### RECORDS FOR THIS TASK
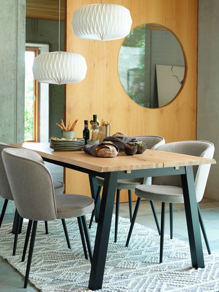 Masă: Lemn masiv de stejar și furnir de stejar. Excl. extensii. 90x160x76 cm Scaun: Material textil și oțel.
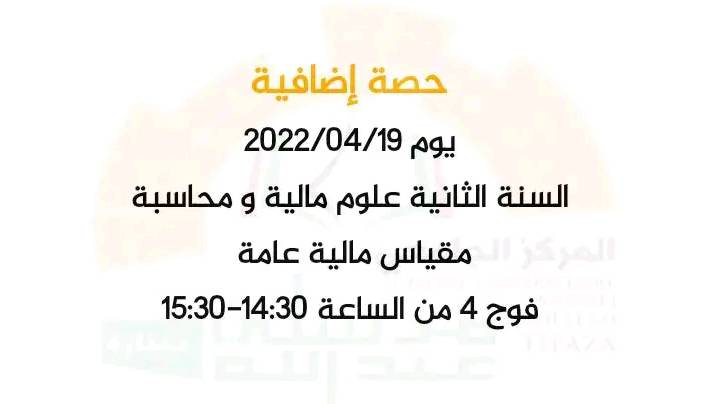 أكمل القراءة »حصة إضافية للأستاذ بونحاس عادل ليوم الثلاثاء 19/04/2022السنة الثانية علوم مالية ومحاسبة مقياس مالية عامة فوج 4 من 14.30-15.30 قاعة 11 مبنى…
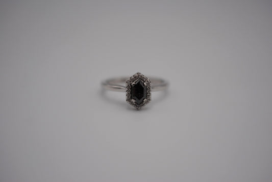 Salt and Pepper Diamond Ring: Hexagon cut, White Gold Band, Diamond Halo Setting
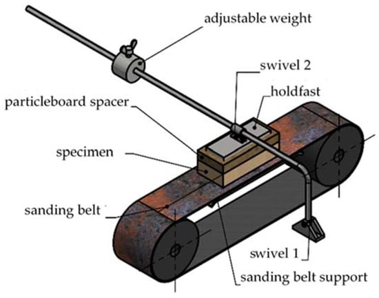 Sanding was performed using a prototype narrow belt sanding machine designed and made in the laboratory of the Department of Furniture Design (Faculty of Wood Technology, Poznań University of Life Sciences PULS). EKA 1000 F (Ekamant, Poland) sanding paper in the form of belts with dimensions 1000 mm × 80 mm was used. The grit of the paper was P120. A sanding belt speed of 14.5 m.s−1 and a sanding pressure of 0.65 N.cm−2 were applied. Dust created during sanding was collected using a multi-purpose vacuum cleaner of the type NT 30/1 Tact (Alfred Kärcher SE & Co. KG, Winnenden, Germany) connected to the working zone. This device ensured a near-total collection efficiency of dust. The principle of test sanding and the scheme of operation of the prototype sanding machine are shown in Figure 1.
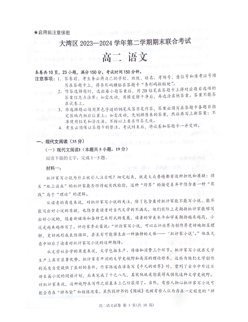 广东省大湾区2023—2024学年第二学期期末联合考试语文

### TASK OBJECTIVE
Please output only the lines running from the one that holds "Sanding was performed" through the last line of the entries, both ends included, without any images.

### ANSWER BOX
 Sanding was performed using a prototype narrow belt sanding machine designed and made in the laboratory of the Department of Furniture Design (Faculty of Wood Technology, Poznań University of Life Sciences PULS). EKA 1000 F (Ekamant, Poland) sanding paper in the form of belts with dimensions 1000 mm × 80 mm was used. The grit of the paper was P120. A sanding belt speed of 14.5 m.s−1 and a sanding pressure of 0.65 N.cm−2 were applied. Dust created during sanding was collected using a multi-purpose vacuum cleaner of the type NT 30/1 Tact (Alfred Kärcher SE & Co. KG, Winnenden, Germany) connected to the working zone. This device ensured a near-total collection efficiency of dust. The principle of test sanding and the scheme of operation of the prototype sanding machine are shown in Figure 1.
 广东省大湾区2023—2024学年第二学期期末联合考试语文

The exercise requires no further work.